Masih disampaikannya, jadi harapan kita STIHPADA Palembang bisa berkontribusi nyata dalam pengembangan ilmu hukum khususnya dibidang Artificial Intelligence. Tentunya dalam penggunaan suatu teknologi ada dampak positif dan negatif.

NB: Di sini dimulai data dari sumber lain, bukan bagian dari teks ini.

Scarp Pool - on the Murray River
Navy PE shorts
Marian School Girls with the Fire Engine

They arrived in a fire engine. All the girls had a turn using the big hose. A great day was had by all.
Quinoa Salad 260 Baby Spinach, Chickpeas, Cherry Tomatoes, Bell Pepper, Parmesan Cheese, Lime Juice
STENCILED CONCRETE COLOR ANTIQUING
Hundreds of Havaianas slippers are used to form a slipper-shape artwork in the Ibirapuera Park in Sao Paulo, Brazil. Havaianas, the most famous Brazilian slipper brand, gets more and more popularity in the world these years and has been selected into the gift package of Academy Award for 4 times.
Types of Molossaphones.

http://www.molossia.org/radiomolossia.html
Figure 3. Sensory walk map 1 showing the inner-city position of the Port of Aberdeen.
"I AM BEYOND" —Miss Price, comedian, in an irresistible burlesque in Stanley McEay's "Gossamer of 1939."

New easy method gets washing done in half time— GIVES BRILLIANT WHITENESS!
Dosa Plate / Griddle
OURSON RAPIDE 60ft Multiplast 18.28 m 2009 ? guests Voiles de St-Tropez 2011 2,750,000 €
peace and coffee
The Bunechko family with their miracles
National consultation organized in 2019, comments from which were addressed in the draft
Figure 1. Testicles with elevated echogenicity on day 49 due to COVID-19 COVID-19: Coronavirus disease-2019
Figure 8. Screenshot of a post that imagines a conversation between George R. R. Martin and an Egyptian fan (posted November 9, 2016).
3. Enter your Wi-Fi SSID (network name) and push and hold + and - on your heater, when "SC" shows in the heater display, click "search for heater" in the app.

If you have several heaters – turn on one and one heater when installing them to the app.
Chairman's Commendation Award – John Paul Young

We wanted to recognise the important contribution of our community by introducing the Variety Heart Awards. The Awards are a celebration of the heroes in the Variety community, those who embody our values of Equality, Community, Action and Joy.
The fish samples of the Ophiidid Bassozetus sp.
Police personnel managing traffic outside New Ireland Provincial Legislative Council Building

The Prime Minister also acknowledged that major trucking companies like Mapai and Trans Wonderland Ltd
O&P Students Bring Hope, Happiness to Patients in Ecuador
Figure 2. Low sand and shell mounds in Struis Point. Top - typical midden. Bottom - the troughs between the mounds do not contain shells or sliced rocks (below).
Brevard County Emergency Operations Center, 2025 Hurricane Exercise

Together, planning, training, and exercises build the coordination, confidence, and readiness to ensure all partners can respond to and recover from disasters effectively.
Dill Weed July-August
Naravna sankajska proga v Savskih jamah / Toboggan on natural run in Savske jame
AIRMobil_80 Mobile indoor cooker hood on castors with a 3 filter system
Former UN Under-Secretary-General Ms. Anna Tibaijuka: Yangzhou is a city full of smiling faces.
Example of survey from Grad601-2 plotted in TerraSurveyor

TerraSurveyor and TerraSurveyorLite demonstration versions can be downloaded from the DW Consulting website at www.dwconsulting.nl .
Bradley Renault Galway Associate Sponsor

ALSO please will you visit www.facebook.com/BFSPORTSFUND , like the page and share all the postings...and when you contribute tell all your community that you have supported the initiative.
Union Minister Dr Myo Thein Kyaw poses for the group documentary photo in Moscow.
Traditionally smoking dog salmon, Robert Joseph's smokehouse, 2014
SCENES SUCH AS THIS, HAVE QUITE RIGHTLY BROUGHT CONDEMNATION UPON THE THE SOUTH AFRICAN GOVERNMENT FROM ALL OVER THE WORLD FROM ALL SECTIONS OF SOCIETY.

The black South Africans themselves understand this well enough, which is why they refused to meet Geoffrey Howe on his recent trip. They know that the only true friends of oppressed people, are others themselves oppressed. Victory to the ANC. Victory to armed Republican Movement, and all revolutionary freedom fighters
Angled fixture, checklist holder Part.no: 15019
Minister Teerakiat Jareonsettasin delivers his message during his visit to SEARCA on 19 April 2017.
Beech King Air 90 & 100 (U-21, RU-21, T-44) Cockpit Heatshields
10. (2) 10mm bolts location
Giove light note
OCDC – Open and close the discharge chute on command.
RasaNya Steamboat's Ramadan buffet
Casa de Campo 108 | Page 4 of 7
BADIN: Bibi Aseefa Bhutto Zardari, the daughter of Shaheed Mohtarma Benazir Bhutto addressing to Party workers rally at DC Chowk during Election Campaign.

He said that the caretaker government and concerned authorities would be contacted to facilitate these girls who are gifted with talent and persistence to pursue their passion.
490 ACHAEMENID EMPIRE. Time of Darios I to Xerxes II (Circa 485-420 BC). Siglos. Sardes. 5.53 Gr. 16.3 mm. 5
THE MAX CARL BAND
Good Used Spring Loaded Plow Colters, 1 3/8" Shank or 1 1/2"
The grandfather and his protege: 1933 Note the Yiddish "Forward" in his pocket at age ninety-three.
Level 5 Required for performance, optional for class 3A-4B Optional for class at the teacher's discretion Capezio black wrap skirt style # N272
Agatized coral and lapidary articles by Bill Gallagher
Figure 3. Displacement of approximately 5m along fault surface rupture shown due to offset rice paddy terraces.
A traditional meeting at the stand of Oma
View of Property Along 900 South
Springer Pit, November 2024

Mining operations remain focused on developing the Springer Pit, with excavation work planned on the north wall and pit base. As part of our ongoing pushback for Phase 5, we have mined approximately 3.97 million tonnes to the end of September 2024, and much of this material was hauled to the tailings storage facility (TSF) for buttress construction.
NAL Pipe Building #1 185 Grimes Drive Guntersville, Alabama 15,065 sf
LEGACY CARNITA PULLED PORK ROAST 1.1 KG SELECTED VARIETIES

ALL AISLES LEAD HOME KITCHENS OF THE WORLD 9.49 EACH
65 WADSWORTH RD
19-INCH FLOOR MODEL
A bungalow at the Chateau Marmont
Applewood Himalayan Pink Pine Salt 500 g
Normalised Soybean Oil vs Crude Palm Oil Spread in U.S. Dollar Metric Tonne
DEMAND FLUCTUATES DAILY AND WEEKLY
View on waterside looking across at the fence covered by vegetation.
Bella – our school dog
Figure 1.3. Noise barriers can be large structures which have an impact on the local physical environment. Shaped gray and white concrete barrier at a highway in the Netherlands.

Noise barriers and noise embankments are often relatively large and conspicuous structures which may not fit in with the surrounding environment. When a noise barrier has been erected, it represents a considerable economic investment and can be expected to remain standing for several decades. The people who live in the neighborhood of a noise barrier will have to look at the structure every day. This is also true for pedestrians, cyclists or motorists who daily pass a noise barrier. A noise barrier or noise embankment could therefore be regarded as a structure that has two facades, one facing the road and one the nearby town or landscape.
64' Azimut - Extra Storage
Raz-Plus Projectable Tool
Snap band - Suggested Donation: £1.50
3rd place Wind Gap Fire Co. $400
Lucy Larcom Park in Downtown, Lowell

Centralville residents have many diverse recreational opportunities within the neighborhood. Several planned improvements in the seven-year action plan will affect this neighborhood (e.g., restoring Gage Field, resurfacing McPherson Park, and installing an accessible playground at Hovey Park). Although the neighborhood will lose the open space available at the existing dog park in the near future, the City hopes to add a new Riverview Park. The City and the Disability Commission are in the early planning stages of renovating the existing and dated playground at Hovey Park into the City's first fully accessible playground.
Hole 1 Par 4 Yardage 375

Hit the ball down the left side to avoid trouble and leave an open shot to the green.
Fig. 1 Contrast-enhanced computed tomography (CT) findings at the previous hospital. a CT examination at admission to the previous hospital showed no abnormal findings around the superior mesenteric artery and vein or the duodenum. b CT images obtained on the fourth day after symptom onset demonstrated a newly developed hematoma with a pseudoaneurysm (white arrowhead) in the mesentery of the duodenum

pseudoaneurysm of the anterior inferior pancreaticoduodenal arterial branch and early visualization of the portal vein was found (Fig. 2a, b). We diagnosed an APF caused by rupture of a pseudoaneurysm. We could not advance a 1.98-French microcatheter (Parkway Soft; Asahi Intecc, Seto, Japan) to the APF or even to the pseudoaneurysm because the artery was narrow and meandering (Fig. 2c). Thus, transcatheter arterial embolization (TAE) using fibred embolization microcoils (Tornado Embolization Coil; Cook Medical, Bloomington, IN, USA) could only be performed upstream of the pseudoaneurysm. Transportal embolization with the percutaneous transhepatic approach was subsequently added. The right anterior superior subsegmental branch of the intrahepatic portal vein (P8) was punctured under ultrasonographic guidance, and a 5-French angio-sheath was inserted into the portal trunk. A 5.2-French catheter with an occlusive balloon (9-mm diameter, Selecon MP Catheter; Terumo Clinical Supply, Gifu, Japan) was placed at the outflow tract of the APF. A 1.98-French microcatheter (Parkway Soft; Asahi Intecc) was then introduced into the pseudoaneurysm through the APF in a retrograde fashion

Kita harapkan agar kita dapat mengoptimalkan dampak positifnya dalam penggunaan Artificial Intelligence.
“Untuk itulah hukum perlu mengatur bagaimana atau bisa juga untuk bisa di implementasikan agar tidak salah digunakan. Jadi tentunya sekarang ini beredar banyak sekali program dan juga software.
“Untuk itulah kita harus check and ricek setiap informasi agar jangan sampai kita terjebak kepada hoax, penyebaran informasi palsu, untuk itulah perlunya pengecekan setiap berita yang kita terima,” imbuhnya.
Ditambahkannya, jadi di STIHPADA di kurikulum 2026 ini kita sudah ada beberapa penambahan kurikulum mata kuliah seperti hukum perlindungan data pribadi, cyber whose, dan juga ilmu hukum informasi dan teknologi semua kita ajarkan kepada mahasiswa dan mahasiswi.
“Sehingga bisa menambah pengetahuan masa depan terkait dengan hukum perluasan informasi transaksi elektronik. Itulah perlunya diatur sebuah regulasi hukum, agar kiranya penggunaan ini tidak terjadi,” bebernya.